• WORK INSTRUCTIONS:
Output all of the data exactly, keeping any images out of the copy.

• SUPPLIED MATERIAL:
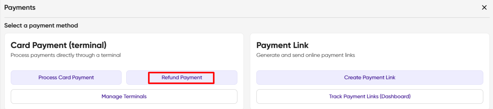 - Select Request POS Payment. You are presented with the Payments box, select Refund Payment
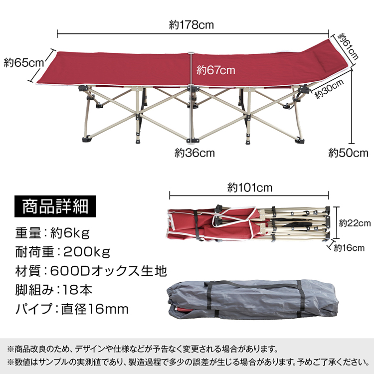 | ●サイズ● | ・展開サイズ:(約)W67cm×D178cm×H50cm ・収納サイズ:(約)W22cm×D101cm×H16cm |
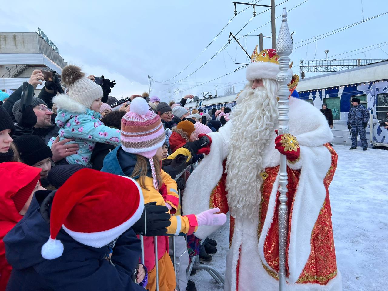 Сегодня на перрон железнодорожного вокзала в Тольятти впервые прибыл сказочный поезд Деда Мороза. Волшебник приехал в наш город в рамках своего ежегодного путешествия по стране. Отметим, с 19 ноября до 11 января он посетит 70 городов и вернётся к себе в Великий Устюг.

• RESPONSE BELOW:
 - Select Request POS Payment. You are presented with the Payments box, select Refund Payment
 | ●サイズ● | ・展開サイズ:(約)W67cm×D178cm×H50cm ・収納サイズ:(約)W22cm×D101cm×H16cm |
 Сегодня на перрон железнодорожного вокзала в Тольятти впервые прибыл сказочный поезд Деда Мороза. Волшебник приехал в наш город в рамках своего ежегодного путешествия по стране. Отметим, с 19 ноября до 11 января он посетит 70 городов и вернётся к себе в Великий Устюг.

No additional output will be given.